Additionally, a key distinction exists between tools that use fundamental methodologies to predict the impact of individual variants and aggregator tools, which rely on these foundational tools to perform large-scale variant annotations. For this purpose, Table 1 provides a summary of major computational approaches for predicting the impact of variants, while Table 2 summarizes the main aggregator tools and platforms and their genomic regions of application.
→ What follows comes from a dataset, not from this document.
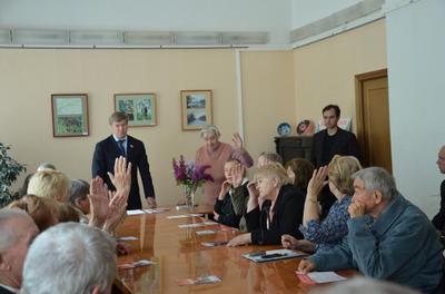 После хлебокомбината Алексей Русских посетил музей трудовой и боевой славы ВМУ. В актовом зале музея состоялась встреча депутата с представителями ветеранских и общественных организаций Воскресенского района. Со многими местными общественниками, в том числе из организации «Дети войны», Алексея Юрьевича связывают годы совместной работы. Депутат поведал соратникам и новым коллегам о работе Комитета по земельным отношениям и строительству, рассказал о борьбе фракции и партии КПРФ с либеральными реформаторами, которые вновь хотят переложить бремя пополнения похудевшего бюджета с богатеющих олигархических структур на плечи беднеющего населения.

Polymorphism Phenotyping v2 (Polyphen-2) (Adzhubei et al., 2010) and Sorting Intolerant From Tolerant (SIFT) (Kumar et al., 2009) predict the impact of amino acid substitutions on structural features of the protein and assess whether protein-coding variants are likely to be damaging or deleterious. Meta-Support Vector Machine (MetaSVM) (Dong et al., 2015) is a computational tool designed to predict the deleteriousness of genetic variants, particularly those in coding regions. It employs Support Vector Machine models to prioritize potentially pathogenic variants, by integrating various functional annotation datasets, including sequence conservation scores, protein domain information, and physicochemical properties of amino acids. Rare Exome Variant Ensemble Learner (REVEL) (Ioannidis et al., 2016) is also focused on coding regions and integrates individual variant effect prediction tools such as SIFT and Polyphen-2, providing a consensus prediction.
MutationTaster2 and MutationTaster 2021 (Schwarz et al., 2014) are tools designed to predict the disease-causing potential of genetic variants. They analyze both coding and intragenic non-coding changes by integrating various data sources, including evolutionary conservation, splice-site alterations, protein features, and regulatory elements, to assess the impact of variants on gene function and pathogenicity. The updated MutationTaster2021 version incorporates various improvements to enhance user-friendliness and processing speed, as well as more recent genomic data for enhanced prediction accuracy.
The above-mentioned tools offer a range of functionalities for predicting the impact of genetic variants, each with distinct strengths and weaknesses. They are primarily focused on coding and intragenic regions, specifically predicting the effects of missense variants (amino acid substitutions) on protein function and structure.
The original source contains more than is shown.